I am actually stuck on making the white beard. Yes, he had a lot of white beard at that time but he still looked good. Making fine white hair or beard on a dark background is difficult if you don’t have the perfect eraser, which I don’t. So, creating the white beard is a little bit of a tedious task for me but I am pretty sure by tomorrow I’ll be done with it. The only thing left then would be his hand resting on his face and the dark background. That should be pretty quick to finish. I am really liking the way the drawing has turned out to be and hope the finished drawing looks much better. (If you’re still wondering who that is, that’s Steve Jobs)
I love drawing. It makes me happy and relaxed but that’s not what I want to spend most of my time on. I want to create things but I have no idea what. I want to travel more but don’t know when. It’s like life is on a pause right now, but once the play button is pressed then there’s no stopping. It feels as if life wants me to have patience and wait for a little more for there’s big things to happen in the future. I don’t what they are but there is a strong feeling that things are going to change for good. Hope they do.
There I am again ranting about life and hope. I can’t seem to stop but I also can’t seem to stop thinking about it. I can’t even seem to stop thinking about the new member of the family that’s gonna come in about 3-4 months.

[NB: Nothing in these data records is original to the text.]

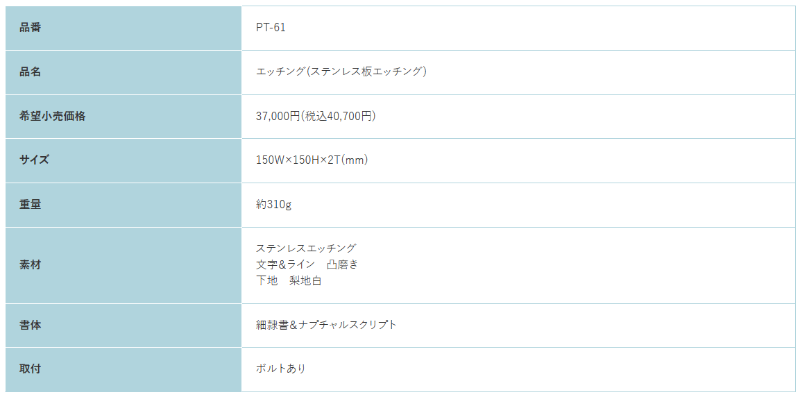 福彫 PT-61 ステンレス板エッチング METAL [メーカー価格表の40%OFF+送料無料で販売中]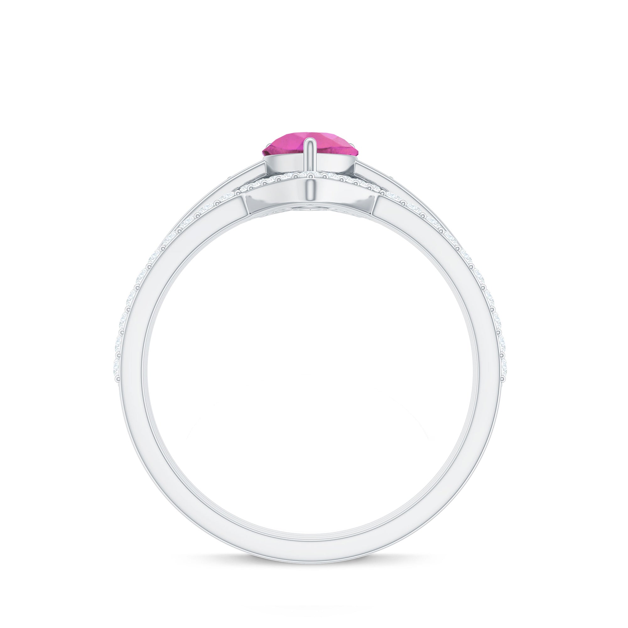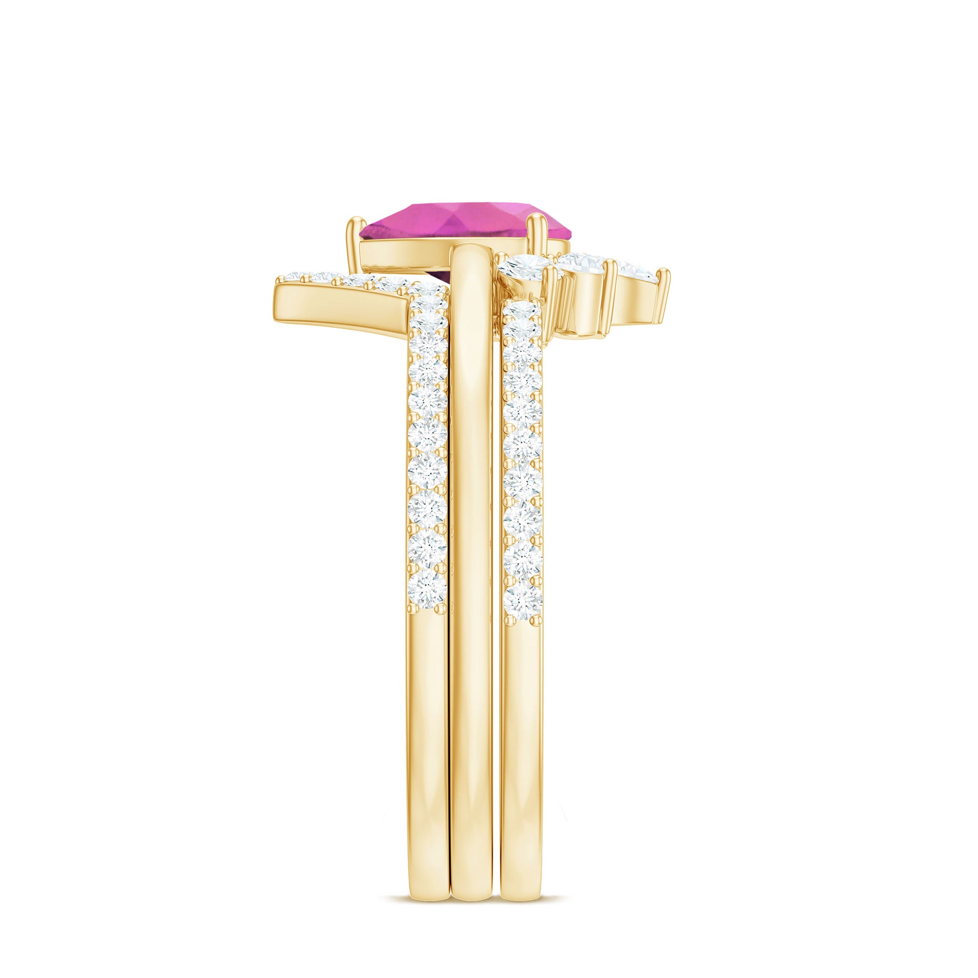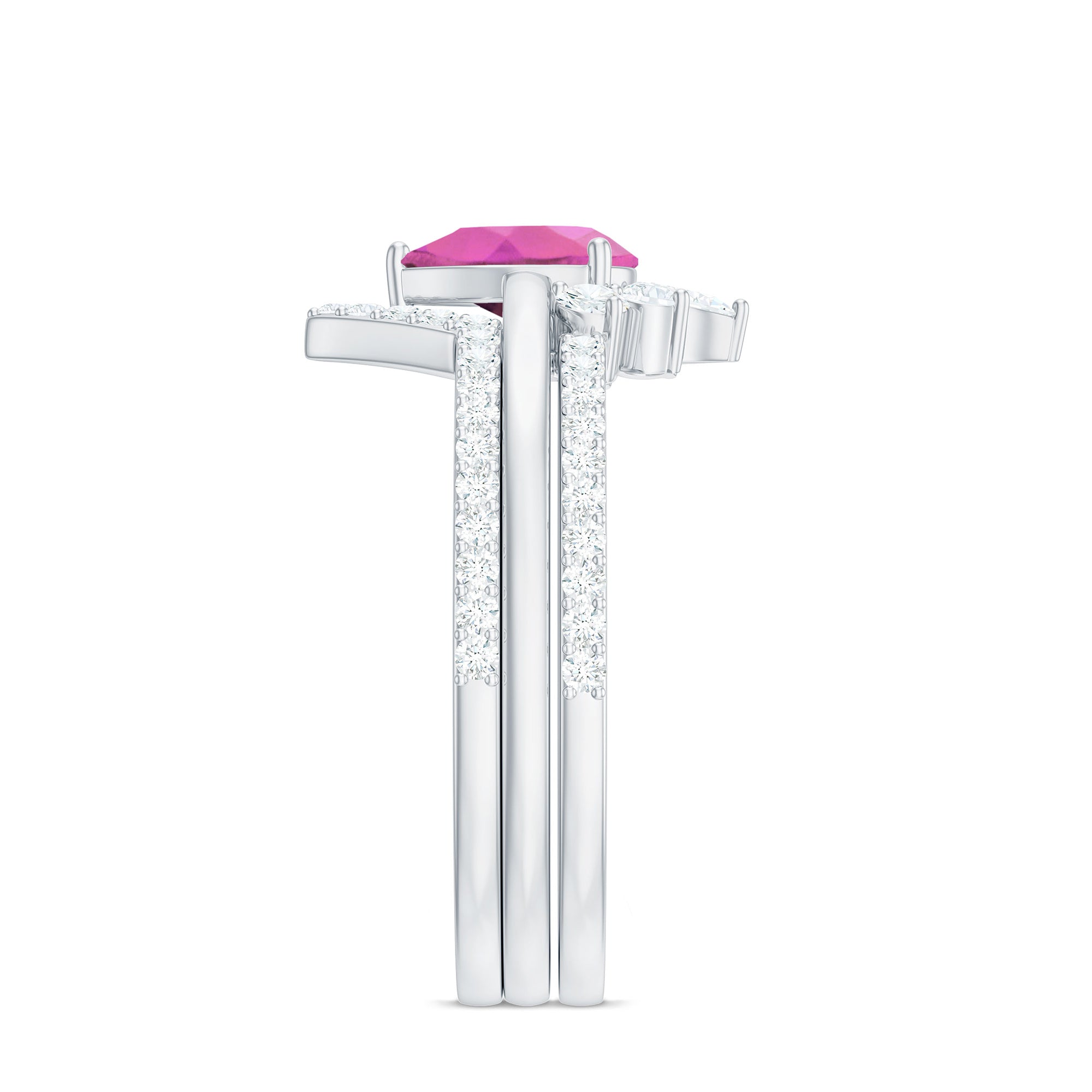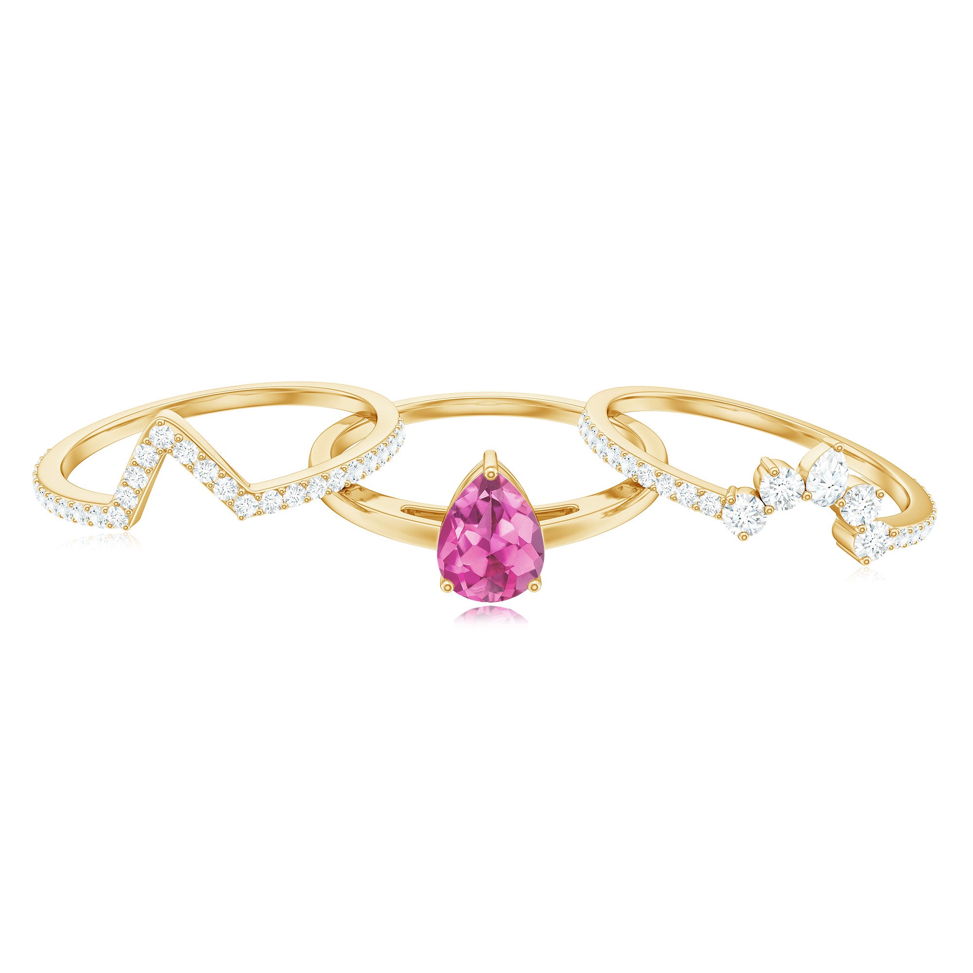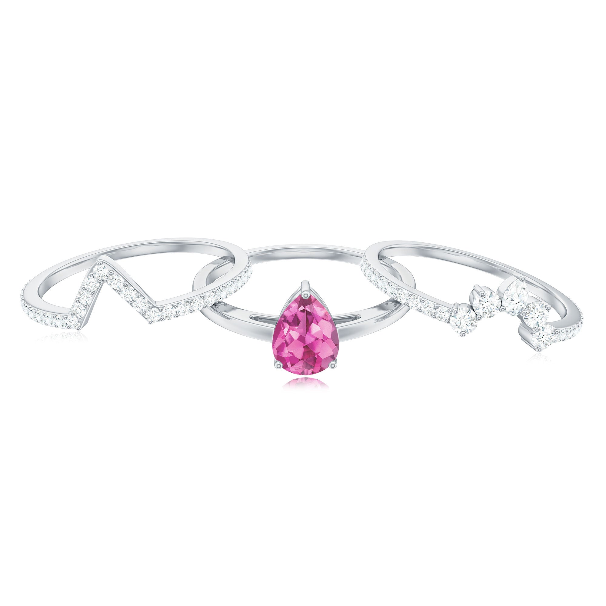 Make her big day even more memorable with this stunning Three Ring Set adorned with pear cut Pink tourmaline set as Solitaire in one ring with two enhancer featuring round moissanite stones. This Bridal Ring Set is a splendid choice for any woman, exuding elegance and sophistication. Surprise your lady with this exquisite moissanite ring set and let it be a cherished piece shell treasure forever, representing the beauty of your love on her big day.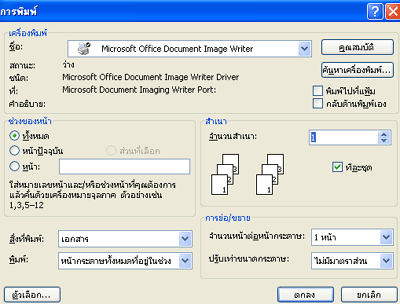 5. นอกจากนั้นยังกำหนดช่วงของหน้า จำนวนสำเนา การย่อขยายจำนวนหน้าต่อหน้ากระดาษ
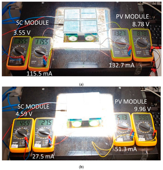 In this work, as it was mentioned previously, three demonstrators based on silicon solar cells and supercapacitors were constructed and analyzed in detail. In the first demonstrator, the photovoltaic panel (PV) consists of 40 cells connected in series–in parallel in a two in parallel connection of two in series connected smaller modules (10 cells per module connected in series) (2 × 10 × 2 system) and a block of current source, voltage control system, and four supercapacitors in series/in parallel with a capacity of CSC = 400 F each and operating voltage VSC = 2.5 V each was constructed as presented in Figure 3a. In the first demonstrator, the supercapacitors with a capacity of CCw = 400 F and a working voltage of VCw = 5 V were used. In the second demonstrator, the PV panel in a system of 40 cells (connected in series–in parallel in a 2 × 10 × 2 system) and a block power source, voltage control system, and two supercapacitors in series with a capacity of CSC = 850 F and operating voltage VSC = 2.7 V each were created as is shown in Figure 3b. In the second demonstrator, the supercapacitor with a capacity of CCw = 425 F and a working voltage of VCw = 5.4 V was applied. In the third demonstrator, PV cells in a system of 14 cells connected in series in a system of 14 × 1 and four supercapacitors with a capacity of CSC = 400 F and operating voltage VSC = 2.7 V were created (see Figure 3c), giving CCw = 400 F and VCw = 5.4 V for supercapacitors’ connection.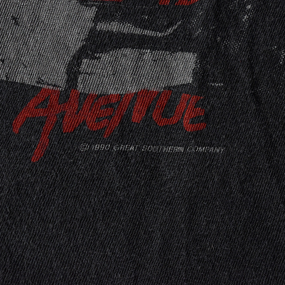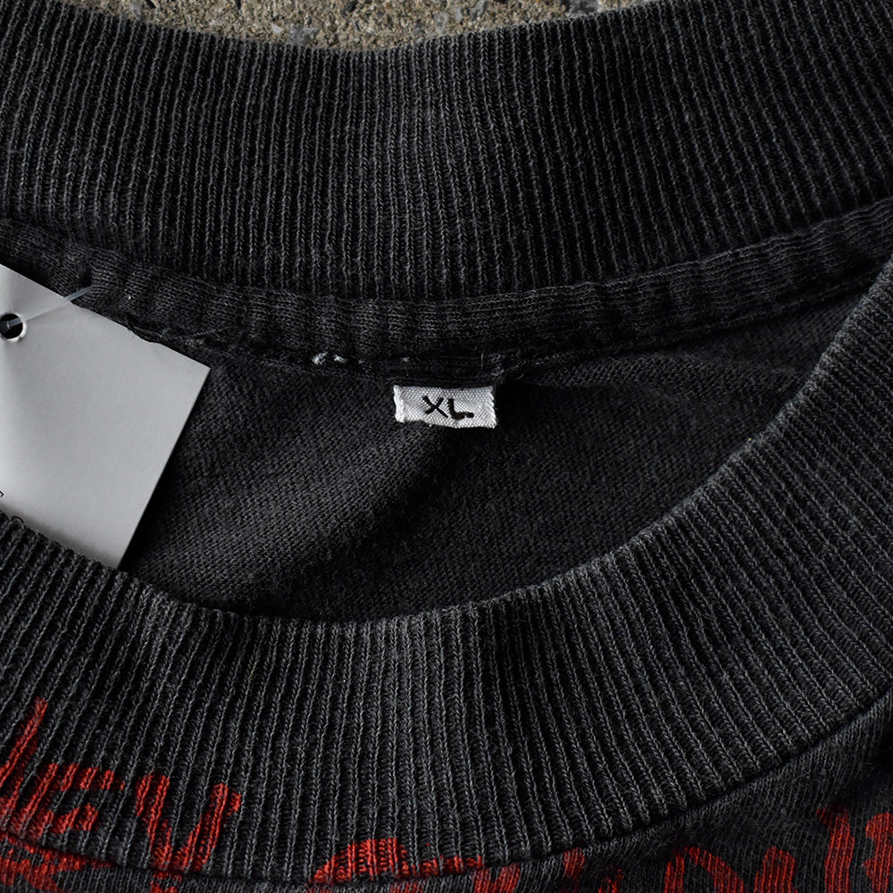 note...LAメタルバンド、人気のSKID ROW。90年に行われた"I SURVIVED SKID ROW LIVE"Tシャツ。フロントに迫力のあるメンバーグラフィック。襟リブまで乗るプリントも贅沢な1枚。バックにはライブタイトルがデザインされています。サイズはXL表記。ボディはユーロ製。90年コピーライト入り。おさえておきたいRock Tシャツ、スキッド・ロウです。

Oh yeah, I forgot to mention I guess. My sister’s pregnant! She’s going to have a baby! I was never so excited about anything as I am excited about having our own baby in our own family.
I have two sisters, both are married. The eldest sister is going to have a baby, so it’s basically the first baby after me to be welcomed in our family. The next-generation. Finally someone younger than me. I really, really wish the baby is a girl because I love girl babies. They are cuter and much more fun. Not that boys are less cuter and less fun but boys are more mischievous.
But the main reason I really want a girl baby is because I always wanted a little baby sister whom I could take care of, play with and someone who would look up to her big brother. Unfortunately, I was the last one. Hence, I want a little baby girl so that I could be like a big brother to my little niece. That’s also one of the reasons I treat my best friend like my little sister. She’s 2 years younger than me and also physically smaller, just like a baby sister. :P
Anyways, It’s not in my hands whether it’ll be a girl or boy, but no matter what, I pray that the baby is healthy and good. I’m really, really happy for my sister and her husband that they are going to start a family and also hope they are ready to lose their sleep. :P
That’s it from me, this is Nad, signing off. Hope everyone has a beautiful day and all your wishes come true.
PS: That’s my sister on her early birthday in the featured pic.